Welcome to the Adversarial Robustness Toolbox wiki!

Deep neural networks (DNN) achieve state-of-the-art performance in various tasks in machine learning and artificial intelligence and are providing huge power to AI developers and data scientists. But as it is said, with great power comes great responsibility. Instead of fearing what autonomous AI can do to the human race, there is a greater fear around how the power of AI in the wrong hands can be misused. The quest to understand this phenomenon has turned into an arms race of attack and defense strategies.

Exposing and fixing vulnerabilities in software systems is nothing new. There are multiple insidious ways that malicious or bad actors are finding to exploit vulnerabilities in AI systems. As outlined in this research paper, the potential for adversarial AI to trick both humans and computers is huge. When we are looking at the usage of AI, for example, in self-driving autonomous vehicles, and what a potential image data set contamination can lead to, the results can be really scary.

Researchers, AI developers, and data scientists are getting together to tackle the tough questions:

  • Do we know where every data item in the training and test sets came from and whether they have been tampered with?
  • Do we know how to filter and transform input to AI systems in a wide enough range of ways to have confidence that the outcome is robust?
  • Do we have ways to test the output of classifiers to ensure they are not brittle?
  • A PwC report indicates that adversarial networks are going to be one the top AI trends for 2018. It’s the classic good versus evil fight: “One network, the generator, creates fake data that looks exactly like the real data set.

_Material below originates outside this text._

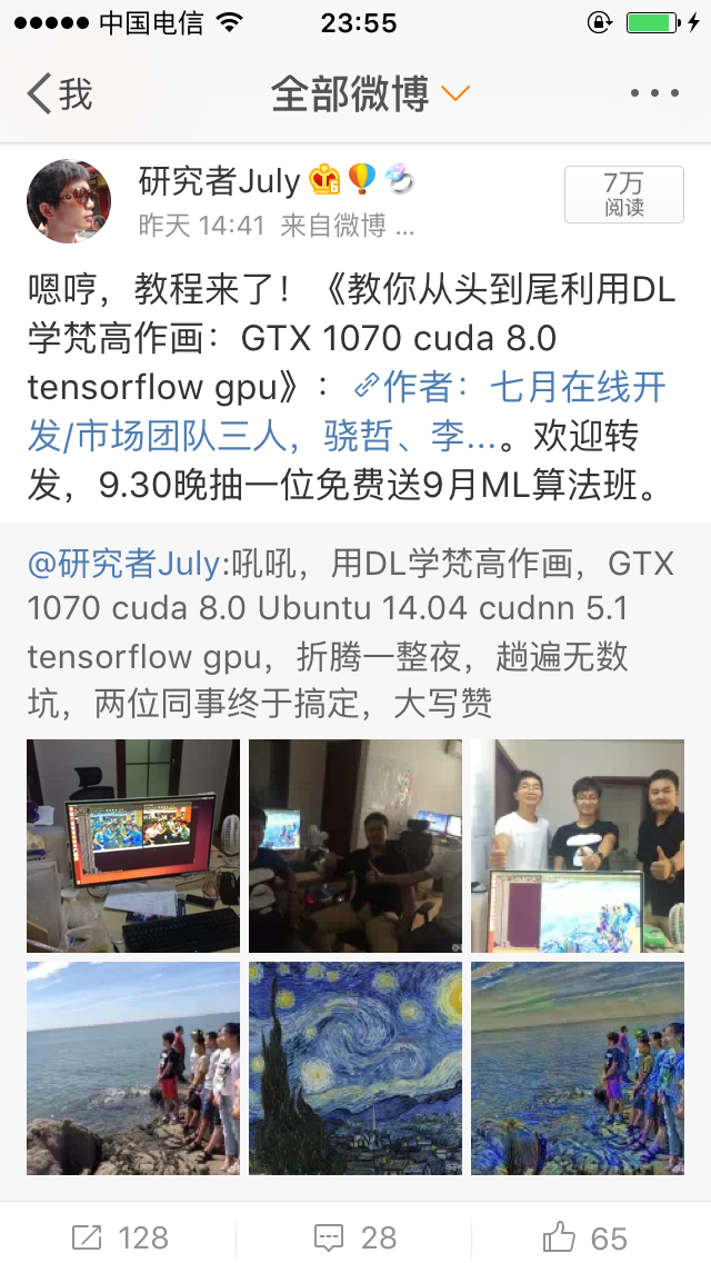 - 22号早上8点,用DL学梵高作画,GTX 1070 cuda 8.0 Ubuntu 14.04 cudnn 5.1 tensorflow gpu,折腾一整夜,趟遍无数坑,两位同事一PHP一市场终于搞定。(恩,有人说,PHP是世界上最好的语言)。
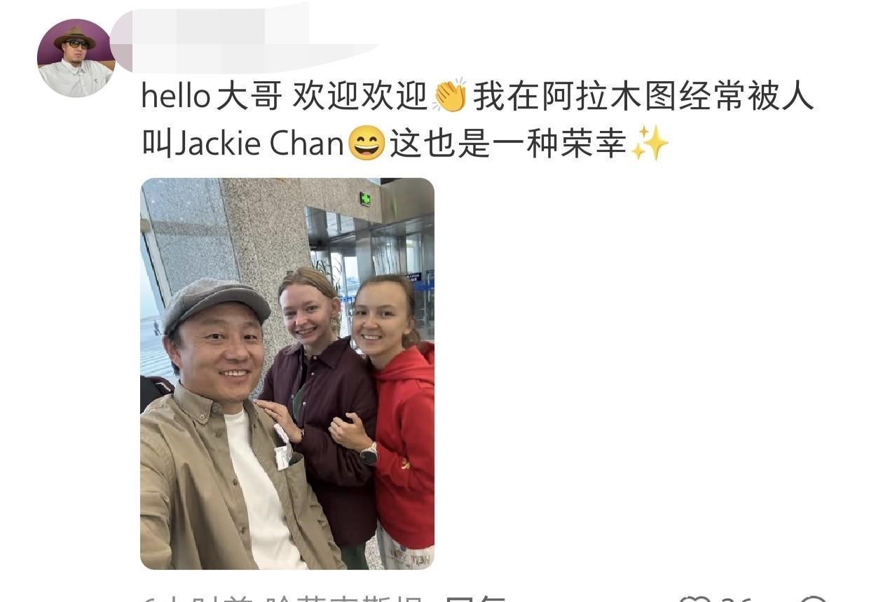 来自哈萨克斯坦的网友暗示能被东说念主叫作念“Jackie Chan”,是他的荣幸。

The second network, the discriminator, ingests real and synthetic data. Over time, each network improves, enabling the pair to learn the entire distribution of the given data set.”

As Val Bercovici, Founder and CEO of PencilDATA, explains “…before companies train AI software using the data they’ve collected, they have to be certain that the data is authentic, that it has been cleansed, that the people behind the datapoints have been honest in their answers.”

Announcing the Adversarial Robustness Toolbox

To counter these threats, IBM Research Ireland is releasing the Adversarial Robustness Toolbox (ART), a software library to support both researchers and developers in defending DNNs against adversarial attacks, making AI systems more secure.

ART is available in open source and supports multiple frameworks!

The Adversarial Robustness Toolbox is designed to support researchers and AI developers in creating novel defense techniques and deploying practical defenses of real-world AI systems. For AI developers, the library provides interfaces that support the composition of comprehensive defense systems using individual methods as building blocks.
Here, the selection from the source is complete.